Our buddy Ray Sherman of Duarte, California strikes again with another letter to the Pasadena Star-News about Wal-Mart.

One of the reasons letters on Wal-Mart are getting printed in the Pasadena and San Gabriel Valley papers is that there was a recently failed attempt to recall some members of a city council who approved a Wal-Mart, which recently opened.  But on to Mr. Sherman's latest letter.  Here's the only quote I need:

You should be telling Wal-Mart shoppers that the low prices they're gaining are at the expense of their fellow workers.

As I've said before, Wal-Mart's employees are there voluntarily, Mr. Sherman, getting compensated at a rate to which they've previously agreed.  If they don't like the conditions there - if they think the pay is too low, or they aren't getting the benefits they want, or the conditions aren't safe and pleasant enough, they can quit!

In employment compensation, people deserve only what they have agreed to - nothing more.  What if a heart surgeon you knew to be the best told you she'd fix a problem with your heart for a grand total $300?  Are you going to insist that she take more?

Everyone has something to offer their follow man from one or more of the following - time, physical strength, a smile, beauty, charm, leadership, conversation, company, knowledge, skill, talent, money, land... you get the idea.  Sure, some people have more to offer than others, or something that's in higher demand, including ambition.  But that's the way life is, and no union or government is going to be able to completely change that, no matter how much they interfere.  It is up to each individual to trade what he or she has for what he or she lacks and needs or wants.  In this case, a Wal-Mart employee has time and the ability to perform certain tasks, and Wal-Mart has money.  They make a voluntary exchange.  It is up to each person to ask for what he or she needs.  It isn't up to Wal-Mart to decide what a person needs.  It is up to Wal-Mart to decide if the company should part with a certain amount of money for that person's labor.

The beauty of this is that people can get what they need or want by serving their fellow man.

I've worked a low-paying hourly job.  Why?  Because I liked the perks, it gave me experiences that I needed, and the hours fit my lifestyle.
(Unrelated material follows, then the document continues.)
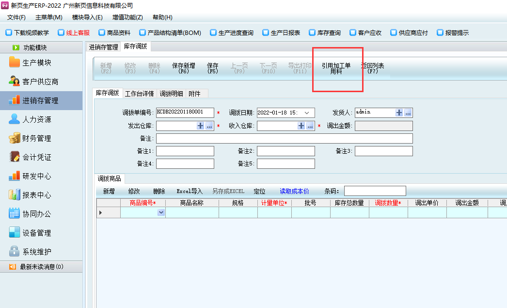 調撥單可以引用加工單
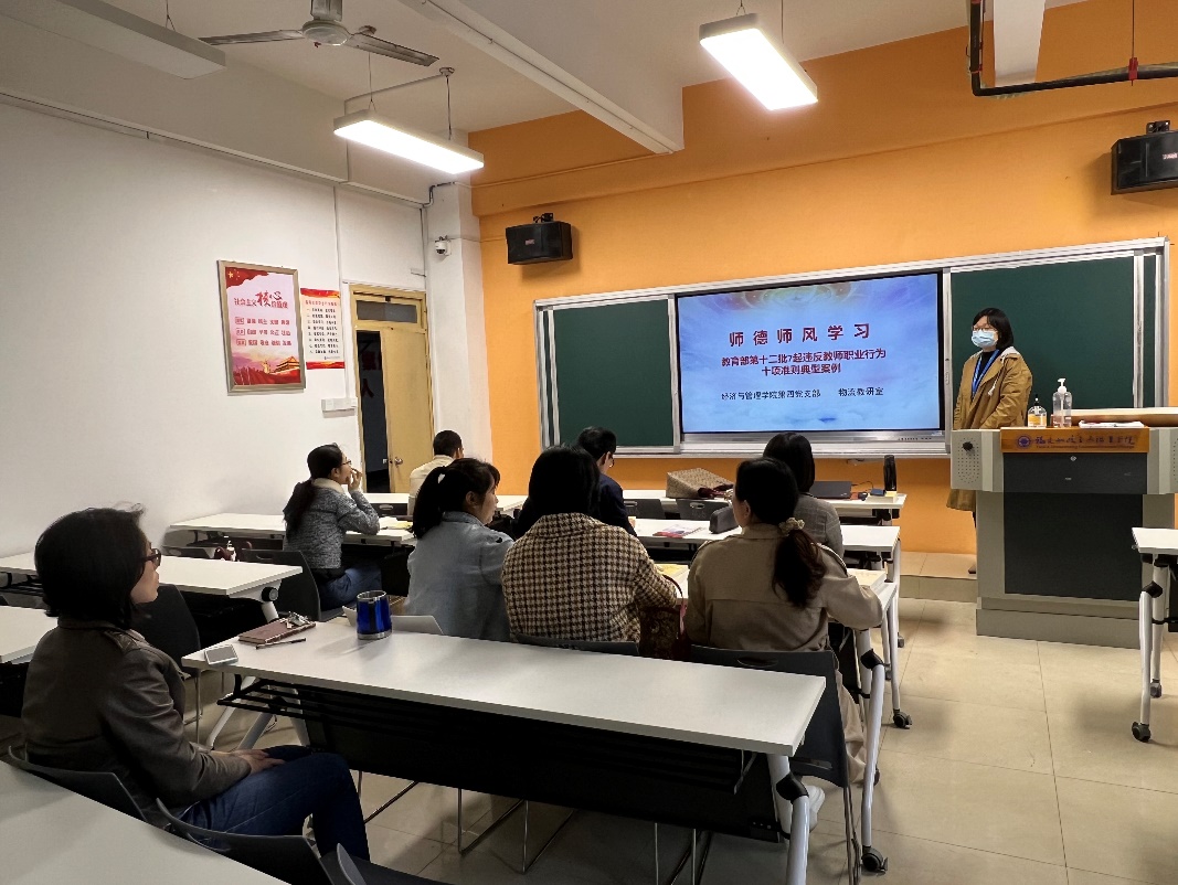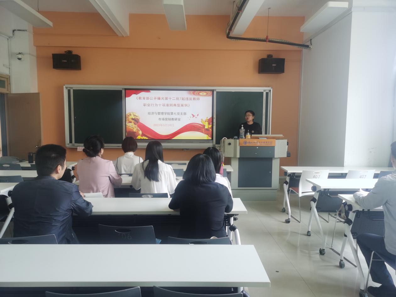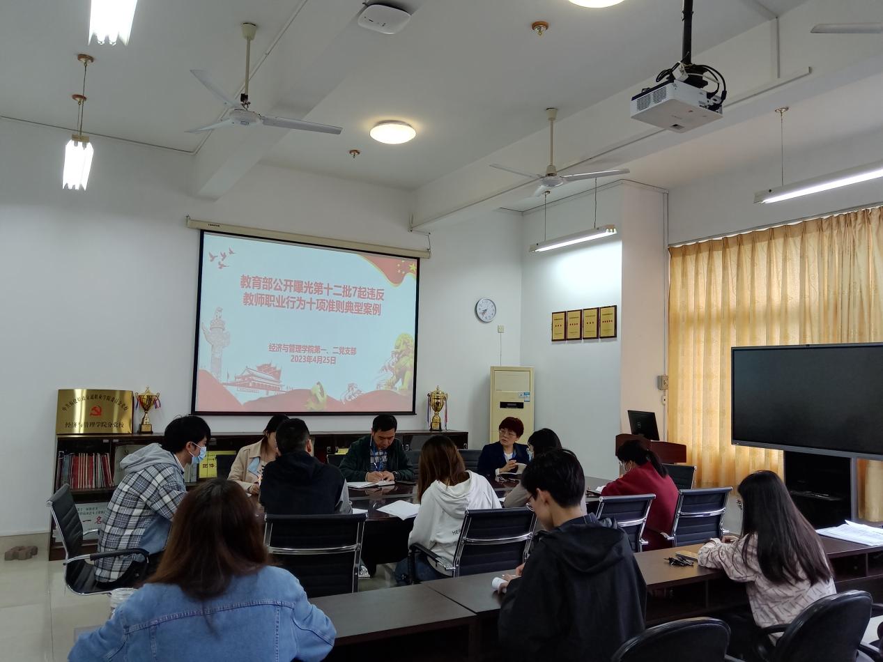 學(xué)高為師,身正為范。為進(jìn)一步增強(qiáng)我院廣大教職工的紅線意識與底線思維,近期,經(jīng)濟(jì)與管理學(xué)院以支部(教研室)為單位,結(jié)合每周一次的師德師風(fēng)學(xué)習(xí),統(tǒng)一安排部署開展了以“教育部公開曝光第十二批7起違反教師職業(yè)行為十項(xiàng)準(zhǔn)則典型案例”為主題的師德學(xué)習(xí)活動,通過集中與個人自學(xué)相結(jié)合的學(xué)習(xí)方式,要求全體教師嚴(yán)把師德師風(fēng)第一標(biāo)準(zhǔn),嚴(yán)守師德師風(fēng)規(guī)范,嚴(yán)格要求自己,加強(qiáng)自身思想政治和師德師風(fēng)建設(shè),將師德師風(fēng)作為評價(jià)教師隊(duì)伍素質(zhì)的第一標(biāo)準(zhǔn),對師德違規(guī)問題進(jìn)行“零容忍”處理。

The pay was low despite the fact that I had to pay a union a good chunk of "change" every month, and that was on top of high initiation
fees.

Eventually, I was more experienced and more educated, working a higher paying professional job, and lower paying job was no longer a fit for me.  I quit.  That employer no longer owed me anything, and I no longer owed that employer my time and energy.

This thinking that someone who lands a job - any job - should have all of their needs automatically taken care of by their employer for the rest of their lives, regardless of ambition or effectiveness, is not natural.  You have something to offer, and so does your employer.  You agree to swap those goods/services upon certain conditions.  That's it.  That's all there should be.  No government agency should interfere and mandate that your employer offer you more if you were unable to negotiate more.